Exxon's collusion with ALEC resulted in the coordinated introduction of scores of bills in state houses across the country, which ALEC promoted and carefully tracked. ALEC boasted of its efforts to win passage of that legislation in press releases and statements to its members. Meanwhile, ALEC fraudulently claimed on its tax returns it spent $0 on lobbying.
Exxon was not a passive participant in this arrangement. For most, if not all, of that period, Exxon paid substantial sums to serve in a leadership capacity at ALEC, both on the group's corporate board and on its energy-related issue task forces, where corporations promote "model" legislation for legislative members to push into law. In that capacity, Exxon and other fossil fuel companies held de facto veto power over what bills would or would not be promoted by ALEC. That activity constituted a gross violation of federal tax laws by Exxon.
At the center of Exxon's efforts was a 1998 "Global Climate Science Communications Action Plan" developed by Exxon and other oil companies to "inform the American public that science does not support the precipitous actions [the] Kyoto [climate treaty] would dictate." The plan envisioned spending $5 million over two years to "inform and educate members of Congress, state officials, industry leadership, and school teachers/students about the uncertainties in climate science."
Ultimately, Exxon ended up spending at least $30.9 million to support climate denial groups between 1998 and 2014. More than $18 million of that climate-denial cash was spent after Mr. Tillerson became Exxon's President and then CEO.
Exxon also used ALEC to promote its corporate legislative agenda concerning regulation of greenhouse gas emissions, fracking, and the Keystone Pipeline. For example, as detailed in the New York Times, Exxon drafted and introduced a fracking bill that was adopted by ALEC and then introduced in at least six states.

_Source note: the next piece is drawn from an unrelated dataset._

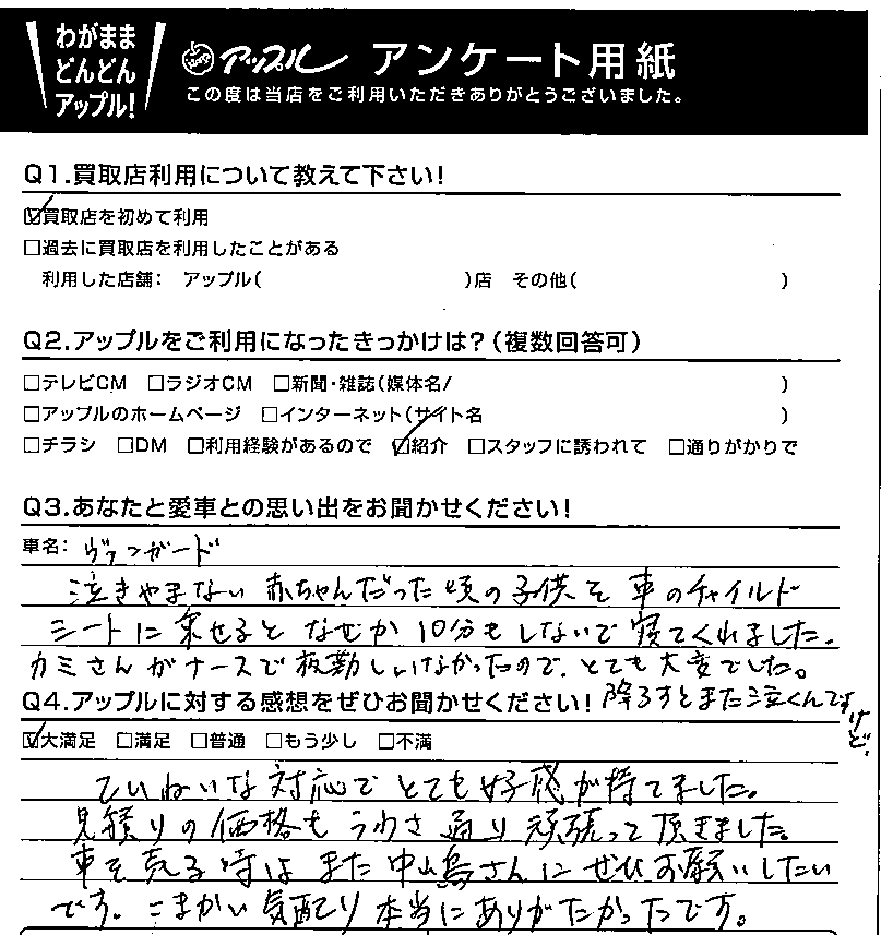 車を売る時はまた中嶋さんにぜひお願いしたいです。

By intentionally using a 501(c)(3) charity to promote its legislative agenda, instead of a 501(c)(6) trade association, Exxon benefited from the arms-length appearance of neutrality the charity provided, and likely claimed the full amount of funding as a tax deduction. Comparable payments to a trade association would not be tax-exempt.

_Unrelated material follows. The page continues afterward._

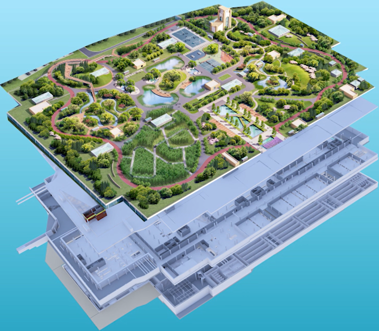 地下箱体采用全密闭式设计,配套全套臭气收集与生物除臭系统,并选用低噪音设备,从源头上杜绝了异味与噪声污染,彻底破解了环保项目“邻避效应”的行业痛点。地上生态公园铺设大面积绿化植被,构建起完整的水循环生态系统,既为周边居民提供了健身休憩的绿色空间,更实现了污水处理设施与城市生态的和谐共生。

In light of those facts, CMD and Common Cause urged the IRS to expedite its open and active investigation into potential civil and criminal liability for both ALEC and Exxon, to revoke ALEC's 501(c)(3) status, to impose any necessary civil and criminal penalties, and to collect unpaid back and present taxes for nondeductible lobbying activities from both ALEC and its corporate donors, including Exxon.

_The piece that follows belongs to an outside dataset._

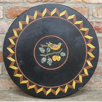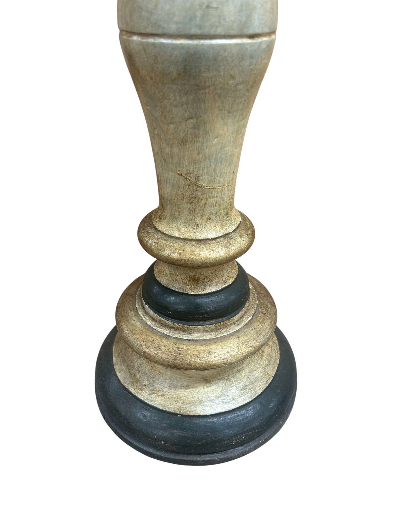 Large turned wood table lamp with painted green and banded decoration, H 69cm

Eric Havian, a prominent whistleblower lawyer at Constantine Cannon who is handling the case concluded, "It is corrupt to use the tax laws as a cover for corporate lobbying, but it's even worse in this case. Exxon uses ALEC's charitable status to fuel its disinformation campaign on climate change, so taxpayers are literally paying Exxon to lie to them."
Mr. Tillerson's apparent willingness to illicitly use nonprofit organizations to sway public and political opinion on climate science and promote his lobbying agenda is very troubling.
Notably, Exxon's use of ALEC to advance disinformation on climate change and to obstruct efforts to mitigate climate change behind the scenes occurred while Exxon was conveying to its shareholders that it was working to address climate change That matter is under investigation the Attorneys General of New York and California. The Committee should not consider giving Mr. Tillerson the role of top U.S. diplomat until those legal investigations are completed and if they exonerate Exxon of wrongdoing under Mr. Tillerson's watch.
There are many very strong reasons to oppose Mr. Tillerson's confirmation. The deception Exxon executed through ALEC is one of them. Thank you for considering our views.